[Stored records]:
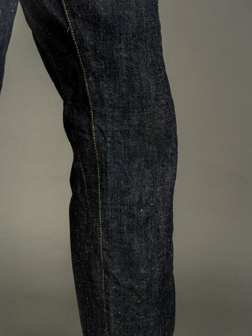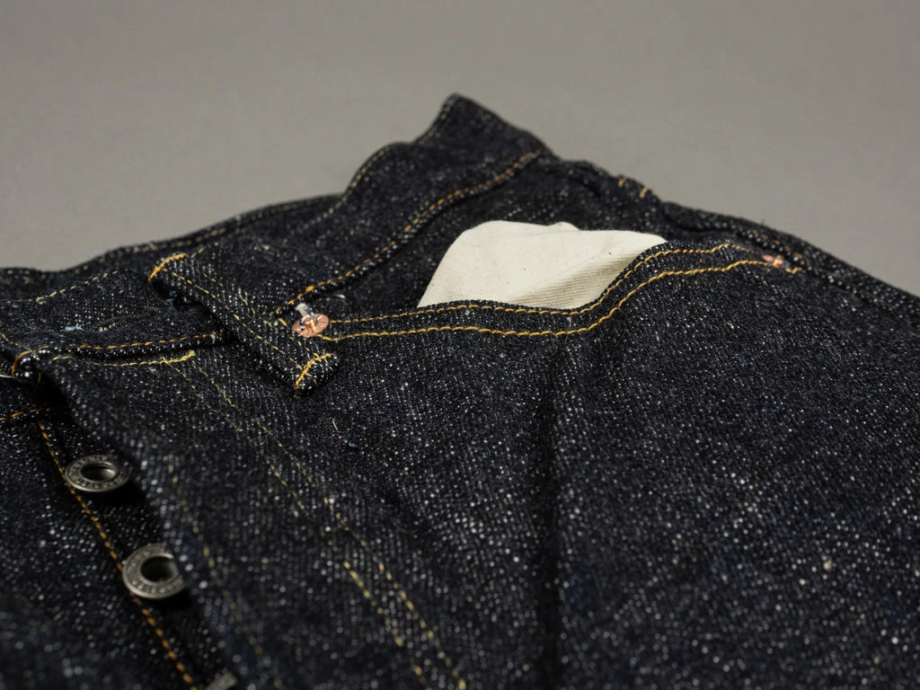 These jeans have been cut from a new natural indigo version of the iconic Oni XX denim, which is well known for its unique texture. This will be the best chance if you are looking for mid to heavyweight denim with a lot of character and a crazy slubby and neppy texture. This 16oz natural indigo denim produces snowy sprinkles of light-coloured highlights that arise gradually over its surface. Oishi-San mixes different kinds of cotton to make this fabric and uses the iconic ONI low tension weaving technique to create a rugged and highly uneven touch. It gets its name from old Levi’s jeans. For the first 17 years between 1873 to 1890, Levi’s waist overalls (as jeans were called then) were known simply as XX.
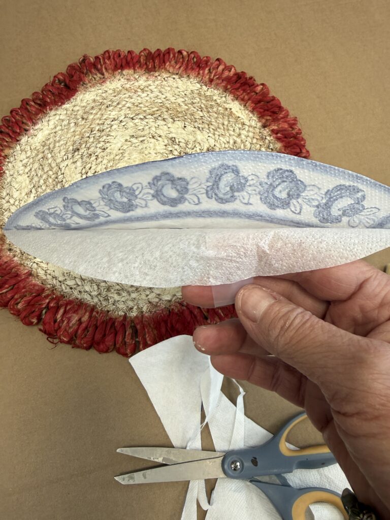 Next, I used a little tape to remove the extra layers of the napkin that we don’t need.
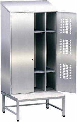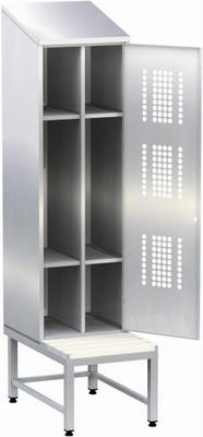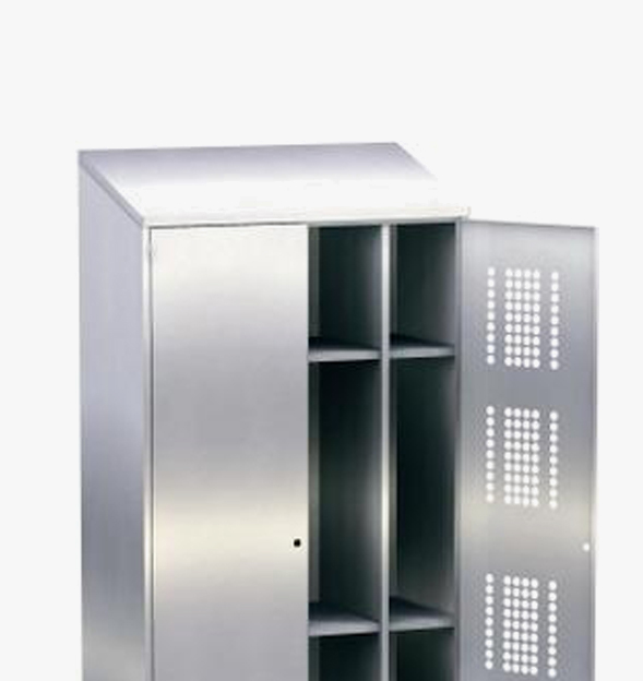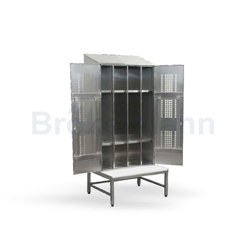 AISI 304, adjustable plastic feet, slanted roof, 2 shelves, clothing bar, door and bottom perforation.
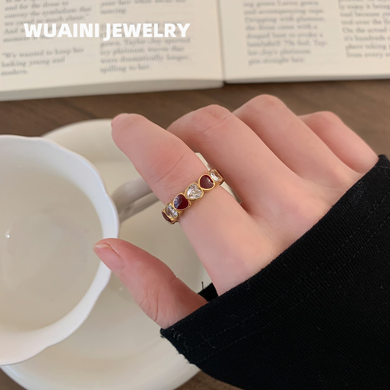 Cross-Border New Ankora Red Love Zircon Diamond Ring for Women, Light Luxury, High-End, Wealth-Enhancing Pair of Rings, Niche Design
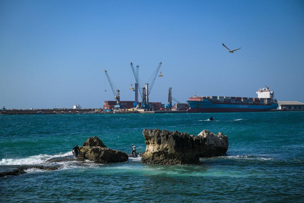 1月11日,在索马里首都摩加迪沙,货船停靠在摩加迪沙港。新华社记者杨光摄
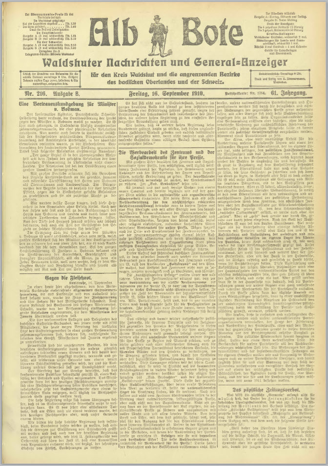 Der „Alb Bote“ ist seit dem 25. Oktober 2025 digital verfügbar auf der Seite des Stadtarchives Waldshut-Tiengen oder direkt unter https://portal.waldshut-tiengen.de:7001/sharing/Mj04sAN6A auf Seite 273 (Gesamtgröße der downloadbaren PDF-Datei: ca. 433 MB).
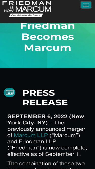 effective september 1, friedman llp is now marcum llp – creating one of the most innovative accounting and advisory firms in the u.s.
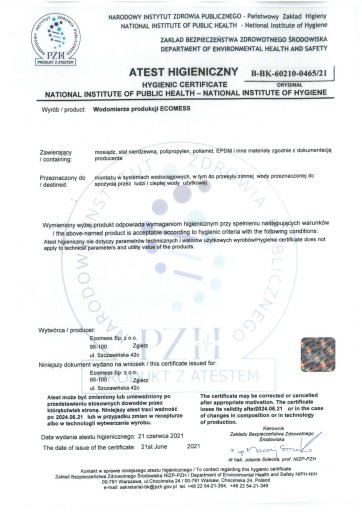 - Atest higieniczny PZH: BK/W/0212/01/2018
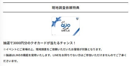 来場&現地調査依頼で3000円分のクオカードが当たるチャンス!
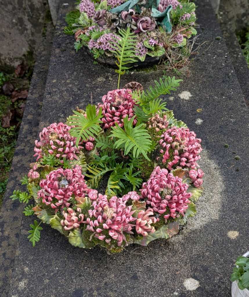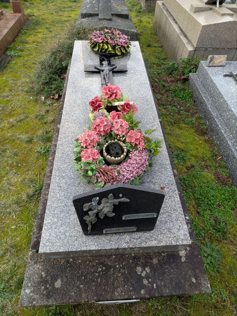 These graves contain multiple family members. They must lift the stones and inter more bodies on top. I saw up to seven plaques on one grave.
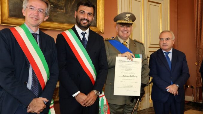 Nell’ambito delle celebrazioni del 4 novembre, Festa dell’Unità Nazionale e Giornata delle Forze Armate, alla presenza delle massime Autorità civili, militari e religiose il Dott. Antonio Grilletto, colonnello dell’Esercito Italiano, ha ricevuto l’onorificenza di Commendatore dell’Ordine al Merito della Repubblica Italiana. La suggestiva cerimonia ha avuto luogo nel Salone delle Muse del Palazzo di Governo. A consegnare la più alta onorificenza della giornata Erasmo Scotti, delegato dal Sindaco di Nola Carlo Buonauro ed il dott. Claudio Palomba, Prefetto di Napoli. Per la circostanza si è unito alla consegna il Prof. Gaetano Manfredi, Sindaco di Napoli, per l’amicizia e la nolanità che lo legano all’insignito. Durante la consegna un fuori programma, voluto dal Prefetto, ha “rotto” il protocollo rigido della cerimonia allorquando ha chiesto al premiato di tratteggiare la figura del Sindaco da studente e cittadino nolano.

[PROBLEM]:
The answer must be the lines above, word for word, from the first one through the line with "These graves contain", pictures excluded.

[ANSWER FOR THE TASK]:
 These jeans have been cut from a new natural indigo version of the iconic Oni XX denim, which is well known for its unique texture. This will be the best chance if you are looking for mid to heavyweight denim with a lot of character and a crazy slubby and neppy texture. This 16oz natural indigo denim produces snowy sprinkles of light-coloured highlights that arise gradually over its surface. Oishi-San mixes different kinds of cotton to make this fabric and uses the iconic ONI low tension weaving technique to create a rugged and highly uneven touch. It gets its name from old Levi’s jeans. For the first 17 years between 1873 to 1890, Levi’s waist overalls (as jeans were called then) were known simply as XX.
 Next, I used a little tape to remove the extra layers of the napkin that we don’t need.
 AISI 304, adjustable plastic feet, slanted roof, 2 shelves, clothing bar, door and bottom perforation.
 Cross-Border New Ankora Red Love Zircon Diamond Ring for Women, Light Luxury, High-End, Wealth-Enhancing Pair of Rings, Niche Design
 1月11日,在索马里首都摩加迪沙,货船停靠在摩加迪沙港。新华社记者杨光摄
 Der „Alb Bote“ ist seit dem 25. Oktober 2025 digital verfügbar auf der Seite des Stadtarchives Waldshut-Tiengen oder direkt unter https://portal.waldshut-tiengen.de:7001/sharing/Mj04sAN6A auf Seite 273 (Gesamtgröße der downloadbaren PDF-Datei: ca. 433 MB).
 effective september 1, friedman llp is now marcum llp – creating one of the most innovative accounting and advisory firms in the u.s.
 - Atest higieniczny PZH: BK/W/0212/01/2018
 来場&現地調査依頼で3000円分のクオカードが当たるチャンス!
 These graves contain multiple family members. They must lift the stones and inter more bodies on top. I saw up to seven plaques on one grave.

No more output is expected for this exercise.